COLLECTED MATERIAL.
· · · · · · ·
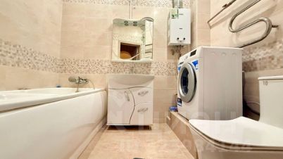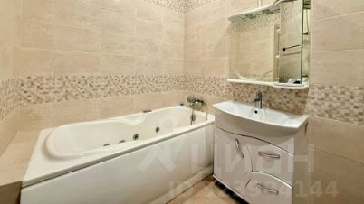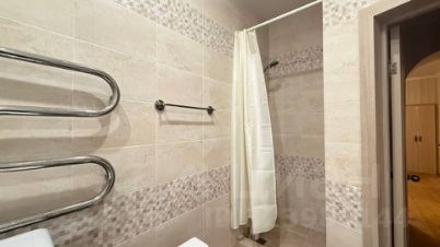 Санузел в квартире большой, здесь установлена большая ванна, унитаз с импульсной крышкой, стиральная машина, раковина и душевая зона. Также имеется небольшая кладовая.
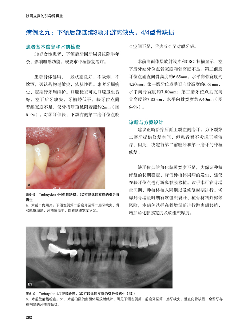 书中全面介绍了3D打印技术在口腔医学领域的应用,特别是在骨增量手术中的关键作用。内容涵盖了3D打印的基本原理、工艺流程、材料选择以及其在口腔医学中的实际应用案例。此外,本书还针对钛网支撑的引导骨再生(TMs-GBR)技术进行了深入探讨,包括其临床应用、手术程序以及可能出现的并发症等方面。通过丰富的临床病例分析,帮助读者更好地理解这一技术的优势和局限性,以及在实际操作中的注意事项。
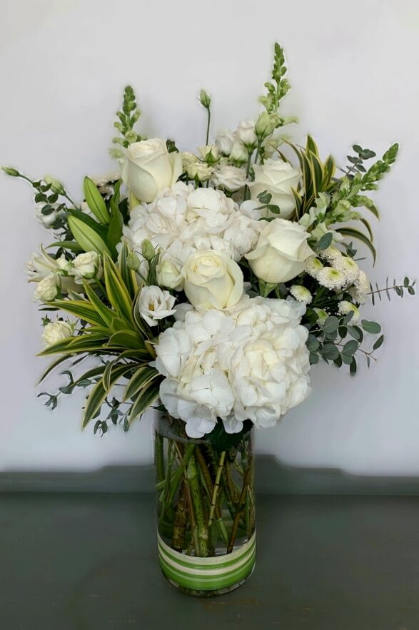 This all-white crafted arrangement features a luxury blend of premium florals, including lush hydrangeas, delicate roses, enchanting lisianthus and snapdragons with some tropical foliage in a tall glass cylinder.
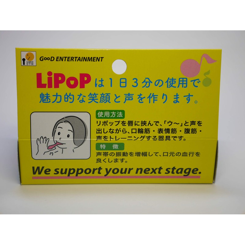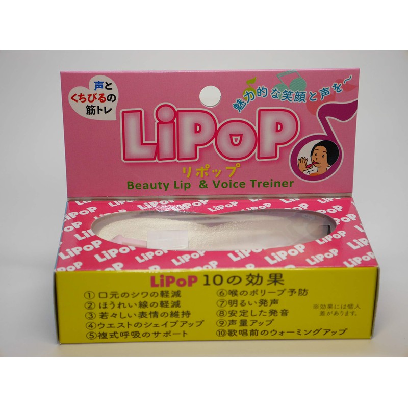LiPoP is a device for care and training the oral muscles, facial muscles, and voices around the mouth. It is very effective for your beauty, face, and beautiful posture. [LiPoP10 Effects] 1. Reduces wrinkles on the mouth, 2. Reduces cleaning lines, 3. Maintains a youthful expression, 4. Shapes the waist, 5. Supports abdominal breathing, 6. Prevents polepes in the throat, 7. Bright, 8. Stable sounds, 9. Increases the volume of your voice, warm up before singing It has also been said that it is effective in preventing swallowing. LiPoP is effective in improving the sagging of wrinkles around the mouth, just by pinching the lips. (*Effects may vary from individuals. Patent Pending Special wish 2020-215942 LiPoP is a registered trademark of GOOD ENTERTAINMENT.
· · · · · · ·
YOUR ASSIGNMENT. Output all the material above exactly once more, leaving every picture out.

EXERCISE ANSWER.
 Санузел в квартире большой, здесь установлена большая ванна, унитаз с импульсной крышкой, стиральная машина, раковина и душевая зона. Также имеется небольшая кладовая.
 书中全面介绍了3D打印技术在口腔医学领域的应用,特别是在骨增量手术中的关键作用。内容涵盖了3D打印的基本原理、工艺流程、材料选择以及其在口腔医学中的实际应用案例。此外,本书还针对钛网支撑的引导骨再生(TMs-GBR)技术进行了深入探讨,包括其临床应用、手术程序以及可能出现的并发症等方面。通过丰富的临床病例分析,帮助读者更好地理解这一技术的优势和局限性,以及在实际操作中的注意事项。
 This all-white crafted arrangement features a luxury blend of premium florals, including lush hydrangeas, delicate roses, enchanting lisianthus and snapdragons with some tropical foliage in a tall glass cylinder.
LiPoP is a device for care and training the oral muscles, facial muscles, and voices around the mouth. It is very effective for your beauty, face, and beautiful posture. [LiPoP10 Effects] 1. Reduces wrinkles on the mouth, 2. Reduces cleaning lines, 3. Maintains a youthful expression, 4. Shapes the waist, 5. Supports abdominal breathing, 6. Prevents polepes in the throat, 7. Bright, 8. Stable sounds, 9. Increases the volume of your voice, warm up before singing It has also been said that it is effective in preventing swallowing. LiPoP is effective in improving the sagging of wrinkles around the mouth, just by pinching the lips. (*Effects may vary from individuals. Patent Pending Special wish 2020-215942 LiPoP is a registered trademark of GOOD ENTERTAINMENT.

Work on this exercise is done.